[erlang-questions] The Beauty of Erlang Syntax

John Hughes john.hughes@REDACTED
Wed Feb 25 08:38:04 CET 2009


> From: "Michael T. Richter" <ttmrichter@REDACTED>

> I'd laugh at anybody who suggested I
> write device drivers or certain categories of embedded code in Erlang or
> Haskell over C/C++ in the same way that I'd laugh at someone who
> suggested I hand-roll data storage in C++ or Java instead of using SQL.
> There are times when the stateful approach is not only right, but
> necessary.  Like, say, when you're dealing with a problem domain that
> has states.  (You know, like registers in a peripheral device.)

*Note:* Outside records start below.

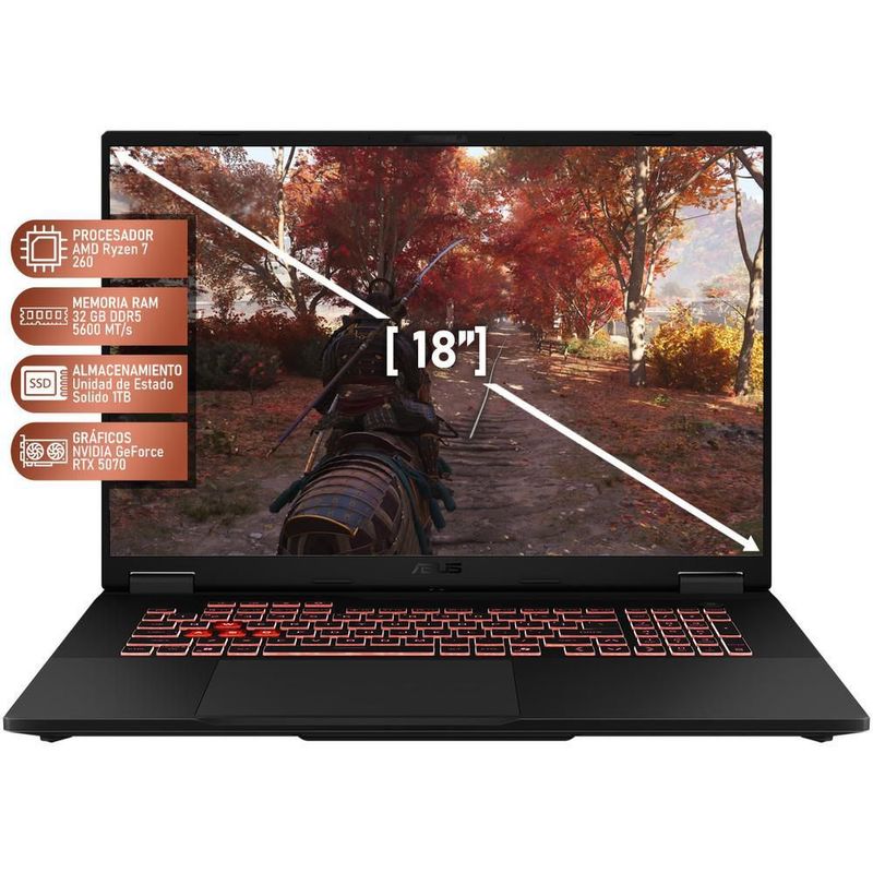 CómputoPortátilesGamingLaptop gamer asus tuf a18 rtx 5070 ryzen 7 32gb ram 1tb ssd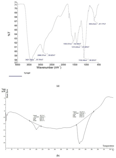 The Fourier transform infrared spectroscopy (FTIR) study was carried out at a wavelength range of 4000-450 cm−1 using a spectrometer (PerkinElmer, Waltham, MA, USA). The thermal behavior of hydrogel was characterized by differential scanning calorimetry (DSC, Mettler Toledo, Columbus, OH, USA) at the temperature range between 20 and 350 °C at a heating rate of 10 °C min−1.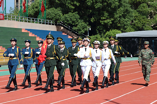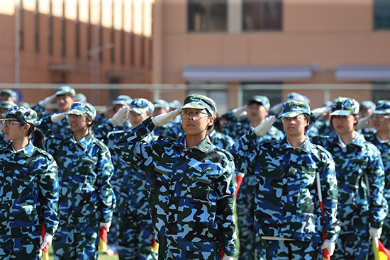 檢閱時刻,23個軍訓方陣整裝肅立,迎接百官街道人武部部長陸銀鋒和校黨委副書記、校長蔡建的檢閱。一聲聲問候飽含關懷,一句句回應充滿力量。這不僅是五天磨礪的成果,更是職教學子超越自我、砥礪前行的青春誓言。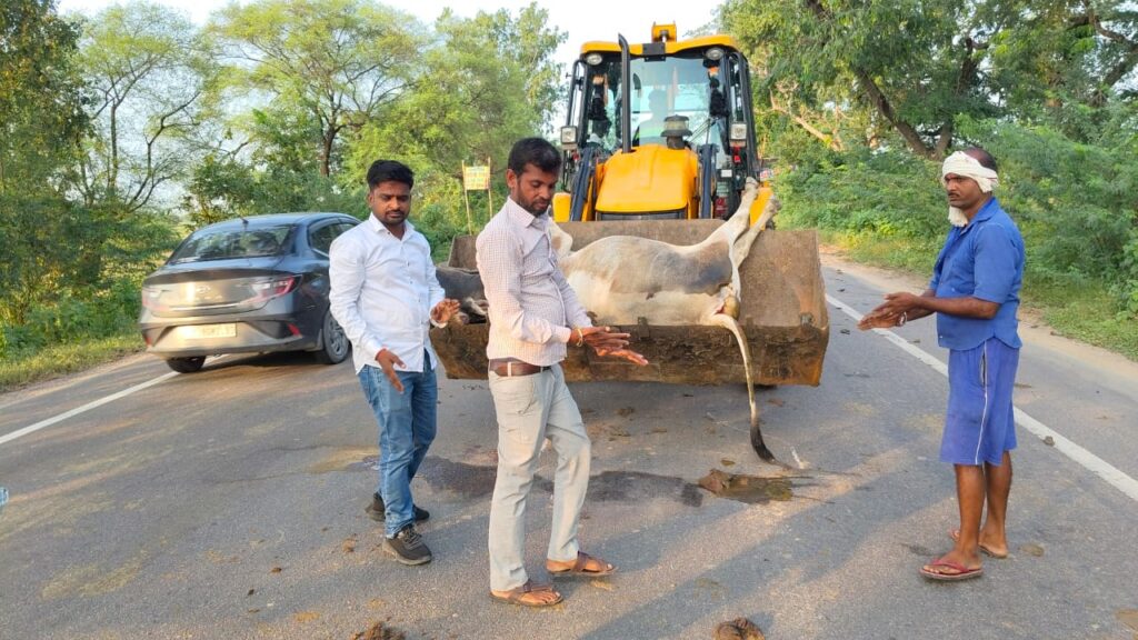 अज्ञात वाहन की टक्कर से गौवंश घायल हुई मौत, लोगों ने करवाया दफन

Funnily enough, there are people doing precisely this--Mark Jones gave a 
superb talk about it at ICFP last year.

A Principled Approach to Operating System Construction in Haskell
http://web.cecs.pdx.edu/~apt/icfp05.pdf

Writing Systems Software in a Functional Language: An Experience Report
http://web.cecs.pdx.edu/~mpj/pubs/plos07.html

Although this is still experimental, rather than production quality 
code--from the latter paper:

"We do not know, for example, if the House kernel can be tuned or enhanced 
to provide reason-
able throughput with the workload of a conventional desktop or server, or if 
its network interface
can keep pace with line speed on a standard Ethernet connection. Although it 
may be possible to
achieve these kinds of performance goals especially, in the long term, if we 
can rely on aggressive,
whole program optimization, it is unlikely that they will be met with 
current Haskell systems."

Still interesting work though, and shows that, from an expressiveness point 
of view, writing system
software in a functional language is no particular problem.